Work to complete - The line containing "When glazing, add" marks the end; write out exactly every line from the start of the data up to and including it, without the pictures.
### Input data ###
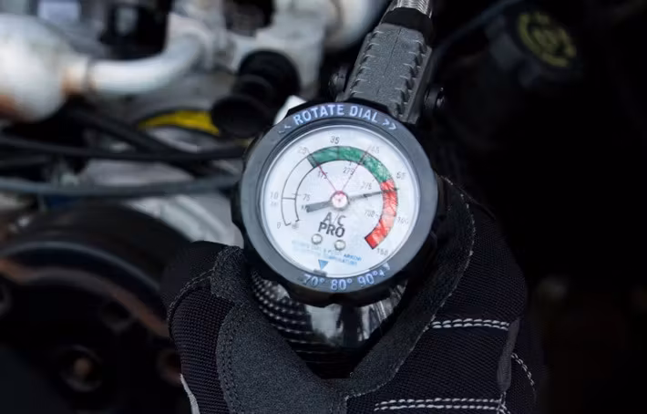 Before adding A/C Pro, one of the first steps is to use the A/C Pro gauge (which can be bought separately) to check the system pressure. The gauge measures the low-pressure (or suction) side of the A/C system. When the compressor is running, it should create suction and lower the pressure reading. Note that when the compressor is not running, it’s normal for the gauge to show a high reading.
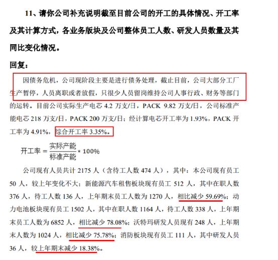 員工人數(shù)更是劇烈下降,例如動力電池板塊上年末6852人,目前僅1502人,下降78.08%;沃特瑪研發(fā)人員現(xiàn)有248人,上年期末人數(shù)為1024人,相比減少75.78%。
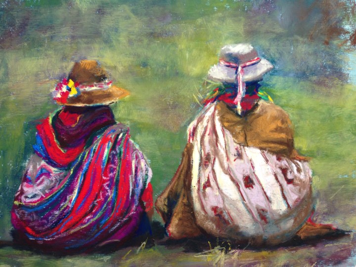 Like the women of Peru, I carried my babies and toddlers on my back. I shared this joy with my, now, closest friends. The women sitting in this painting don’t have babies on their backs, but like many Peruvian women, continue to carry heavy loads on their backs long after their babies are off on their own.
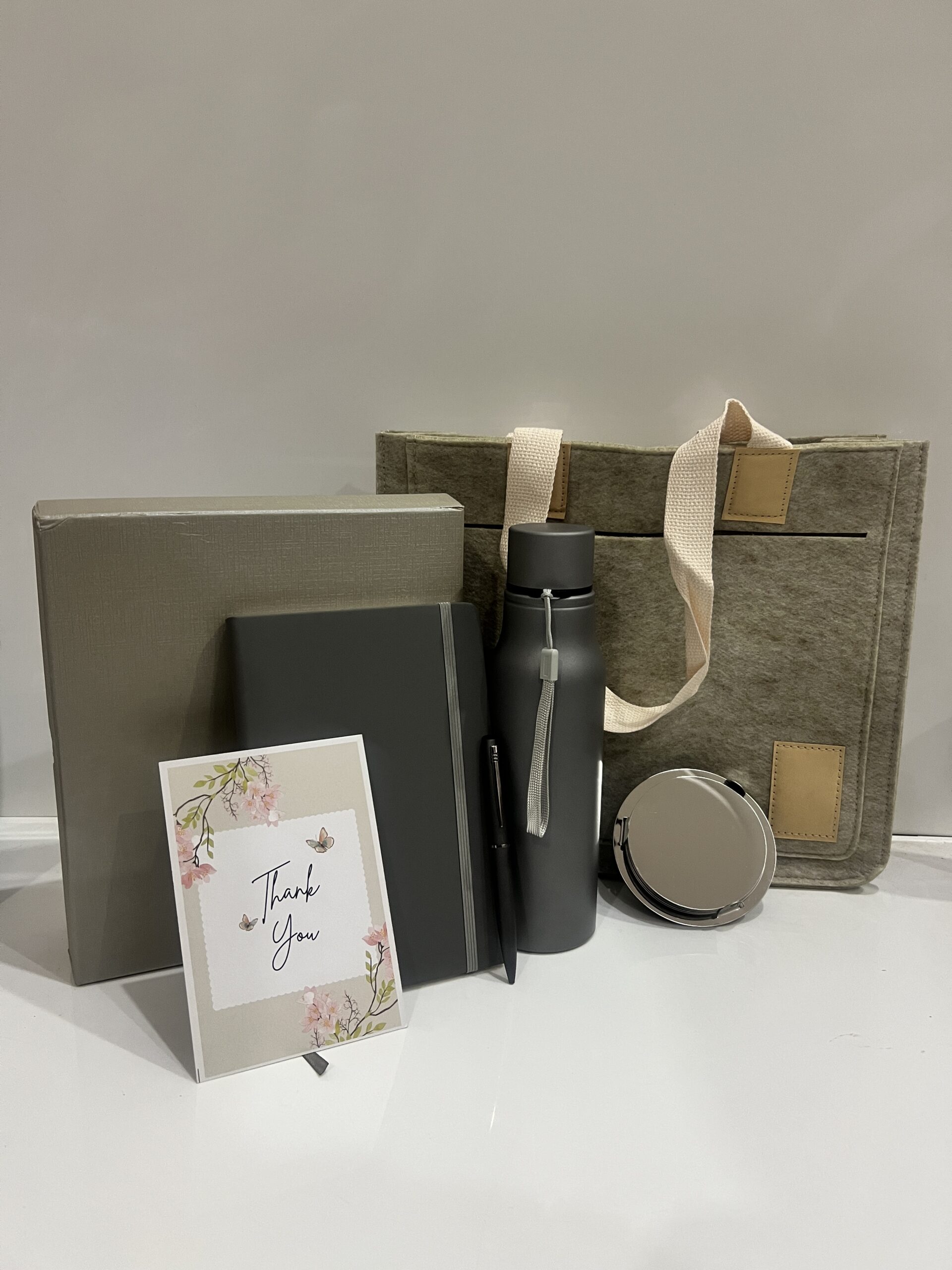 Elegant Grey Appreciation Corporate Hamper – Notebook, Pen, Steel Bottle, Desk Clock, Compact Mirror & Felt Tote
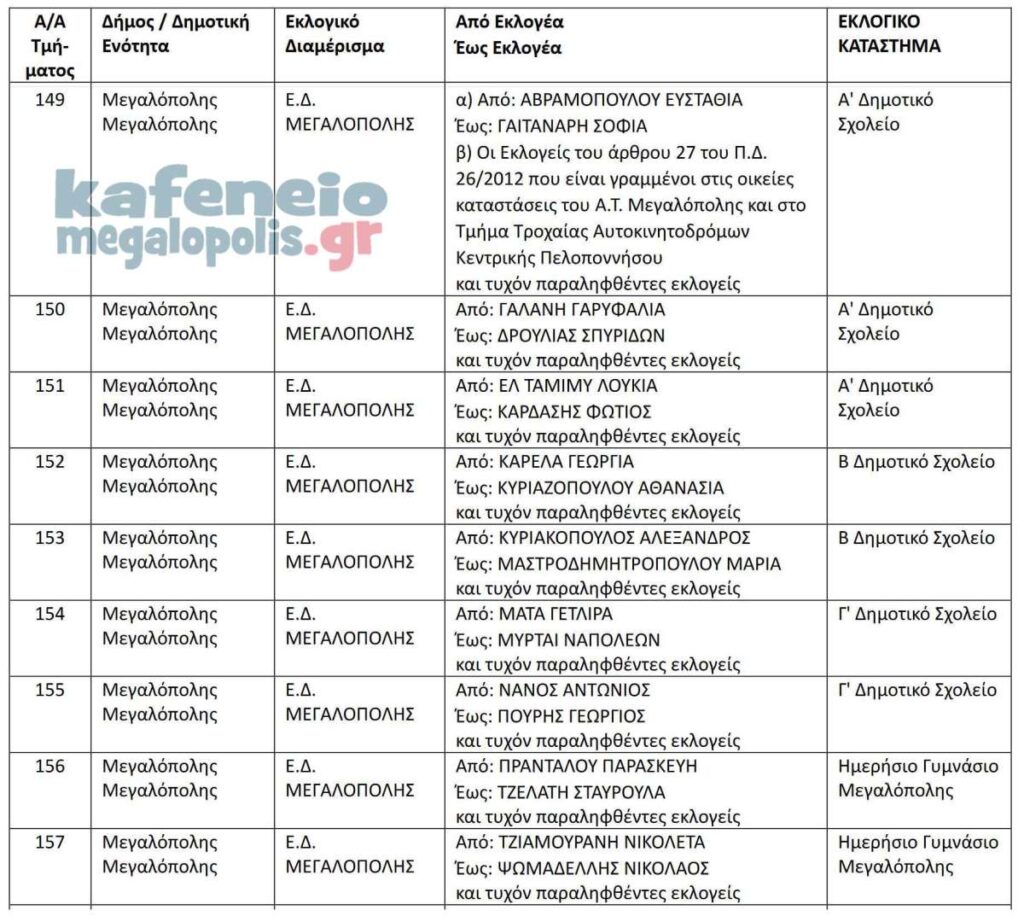 Για την πόλη της Μεγαλόπολης υπάρχουν 9 εκλογικά τμήματα , δείτε με βάση το επώνυμο σας που ψηφίζετε, όπως εμφανίζονται στον πίνακα που ακολουθεί:
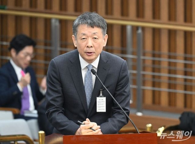 김광일 MBK 파트너스 부회장 겸 홈플러스 공동대표가 지난달 18일 오전 서울 여의도 국회에서 열린 정무위원회 '홈플러스·MBK 파트너스 및 삼부토건'에 대한 긴급 현안질의에 증인으로 출석해 강훈식 더불어민주당 의원의 질의에 답변하고 있다. 사진=국회사진취재단
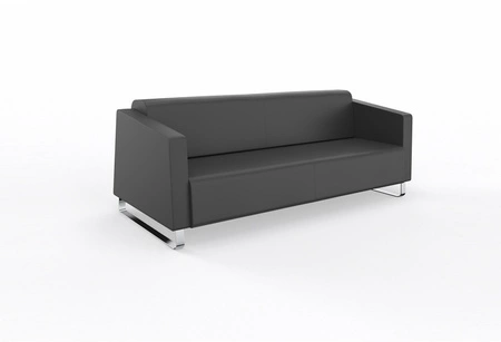 - Eko skóra w kolorze grafitowym/podstawa płozy stal chromowana. Na sofie komfortowo usiądą 3 osoby.
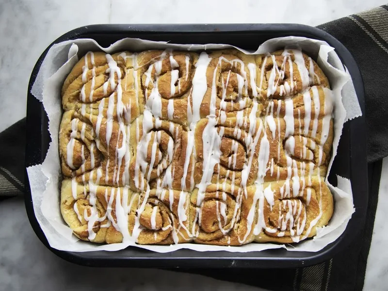When glazing, add milk slowly to avoid runny icing. Consistency should coat the back of a spoon and drip slowly; too thick won't flow, too thin slides off.
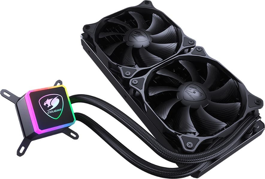 На основе системы жидкостного охлаждения Cougar Aqua 240 можно создать условно бесшумный компьютер (уровень шума 25 дБА и ниже), оснащенный процессором типа Intel Core i9-7980XE (Intel LGA2066, Skylake-X (HCC)), если потребление процессора под максимальной нагрузкой не будет превышать 220 Вт, а температура внутри корпуса не повысится выше 44 °C. При снижении температуры охлаждающего воздуха и/или менее жестких требованиях к уровню шума пределы мощности можно существенно увеличить. Любители моддинга оценят многоцветную и многозонную подсветку помпы, которой можно управлять с помощью РЧ-пульта ДУ или с помощью внешнего контроллера/системной платы, используя стандартное трехконтактное подключение для адресуемой подсветки. Отметим хорошее качество изготовления, оплетку шлангов (как минимум помогающую сохранить единый стиль оформления внутренностей компьютера), довольно длинные шланги, подключение помпы к разъему питания SATA, прочную рамку на обратную сторону системной платы. К недостаткам отнесем отсутствие возможности отслеживать скорость вращения помпы и цепляющиеся за рамку пружины на гайках. Второе можно исправить, подложив под пружины шайбы.
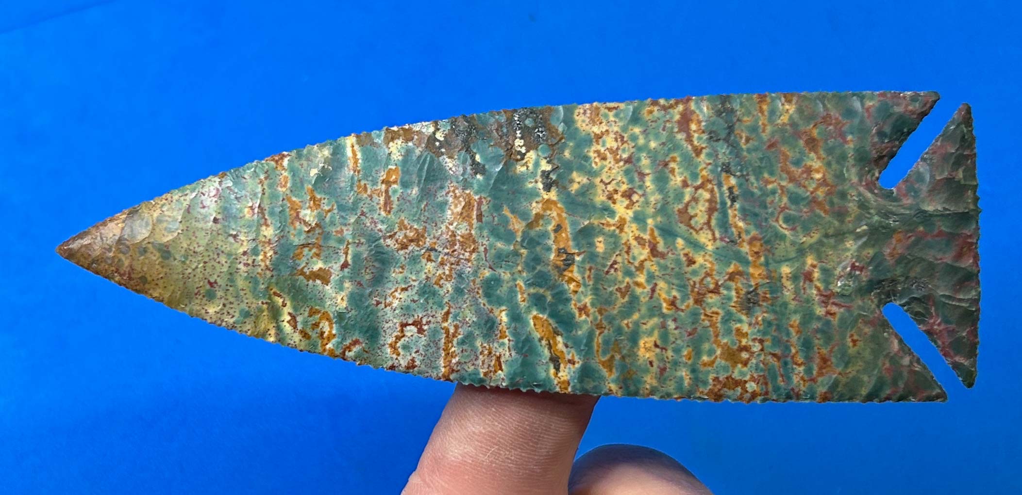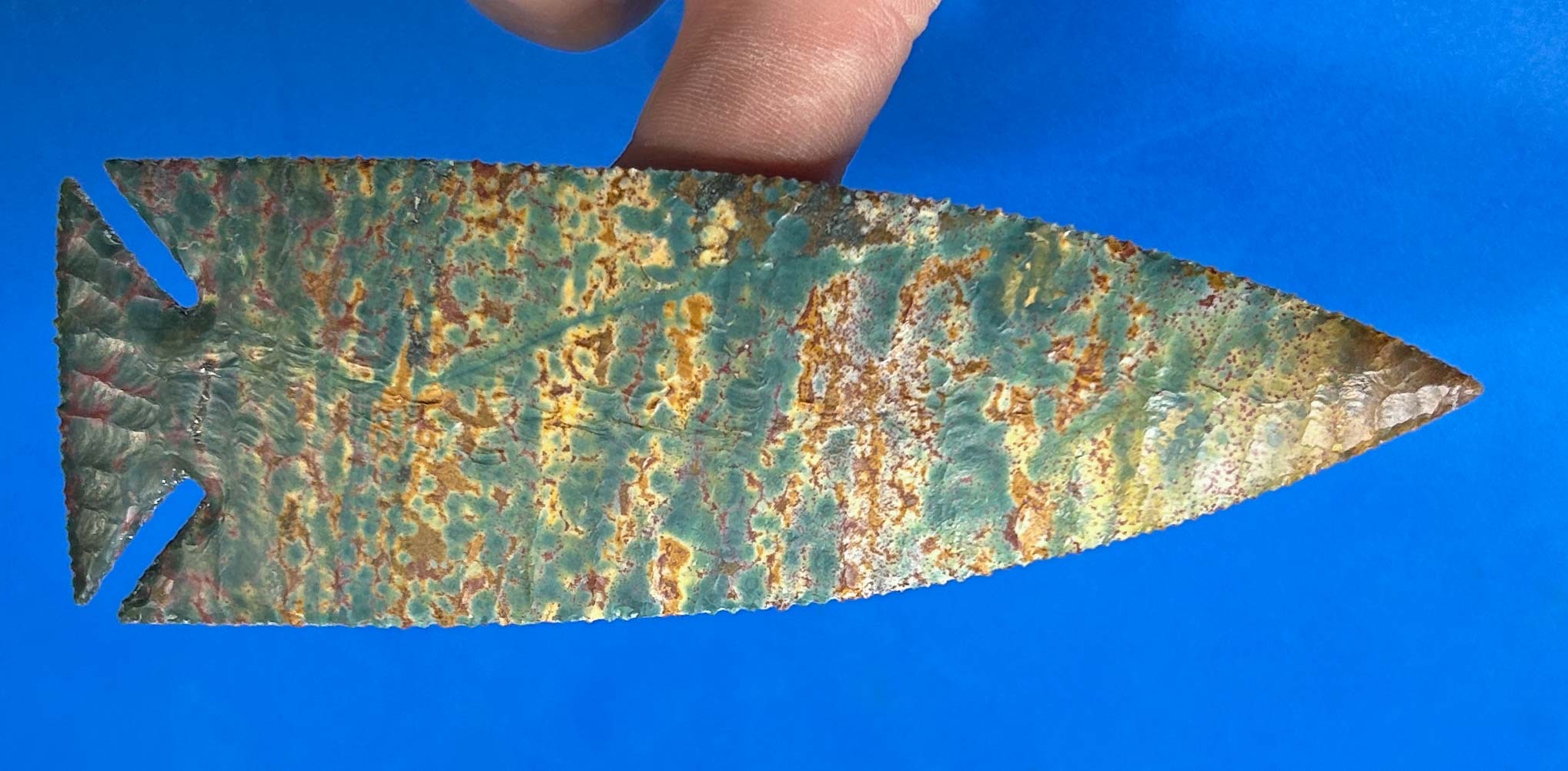Fancy Jasper from India is a highly diverse and beautiful flintknapping material. The colors in this 5″ x 1.75″ lance point are what you could call Camo pattern. Regardless of what this uniquely colored variation of Fancy Jasper is called, I think you’ll agree as to the natural beauty of it.
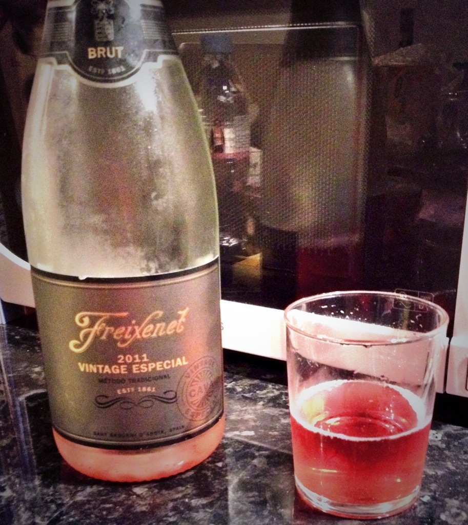 Boil up the chicken stock in a separate saucepan and leave to simmer quietly on the stove. Add the saffron threads. (I don’t normally do this, but I felt since I was using cava and saffron in a recipe, I should do it all properly!)
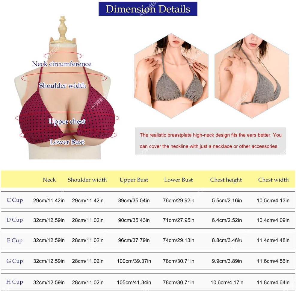~ A beautiful silicone Breastplate can add fun to your life! ~FeatureIf you are looking for a breast form with a realistic look, touch and feel . These forms will have the bouncy, jiggly movement just like real breasts. Washable and waterproof.The movement and weight of the breast form to your body gives these breast forms a natural look and feel.Product parameterSkin Material: SiliconeError range: 2cm-4cmStretching: Can be stretched to 150%Color: Color 1, Color 2, Color 3Filled: Cotton Filled, Silicone Filled✭Water-proof design, can be worn for swimming and bathing.How to Judge The Size Is Suitable for You?You can judge the size according to our detail information and pictures.(1)Your chest circumference(2)The cup size you want to achieve(3)Neck circumferenceHow to care the silicone breast?(1) Clean them in lukewarm water with mild soap, air-dry or with towel gently.(2) Keep away from hot temperature, sunshine, sharp pointy things, washing machine, chemical material.(3) To avoid discoloration of other clothes, do not clean the products with other clothes.(4) This product is easy dyeing. Therefore, do not wear faded clothes or jewelry. Artificial dyeing is not refundable.
###
Answer for the task -
 Before adding A/C Pro, one of the first steps is to use the A/C Pro gauge (which can be bought separately) to check the system pressure. The gauge measures the low-pressure (or suction) side of the A/C system. When the compressor is running, it should create suction and lower the pressure reading. Note that when the compressor is not running, it’s normal for the gauge to show a high reading.
 員工人數(shù)更是劇烈下降,例如動力電池板塊上年末6852人,目前僅1502人,下降78.08%;沃特瑪研發(fā)人員現(xiàn)有248人,上年期末人數(shù)為1024人,相比減少75.78%。
 Like the women of Peru, I carried my babies and toddlers on my back. I shared this joy with my, now, closest friends. The women sitting in this painting don’t have babies on their backs, but like many Peruvian women, continue to carry heavy loads on their backs long after their babies are off on their own.
 Elegant Grey Appreciation Corporate Hamper – Notebook, Pen, Steel Bottle, Desk Clock, Compact Mirror & Felt Tote
 Για την πόλη της Μεγαλόπολης υπάρχουν 9 εκλογικά τμήματα , δείτε με βάση το επώνυμο σας που ψηφίζετε, όπως εμφανίζονται στον πίνακα που ακολουθεί:
 김광일 MBK 파트너스 부회장 겸 홈플러스 공동대표가 지난달 18일 오전 서울 여의도 국회에서 열린 정무위원회 '홈플러스·MBK 파트너스 및 삼부토건'에 대한 긴급 현안질의에 증인으로 출석해 강훈식 더불어민주당 의원의 질의에 답변하고 있다. 사진=국회사진취재단
 - Eko skóra w kolorze grafitowym/podstawa płozy stal chromowana. Na sofie komfortowo usiądą 3 osoby.
When glazing, add milk slowly to avoid runny icing. Consistency should coat the back of a spoon and drip slowly; too thick won't flow, too thin slides off.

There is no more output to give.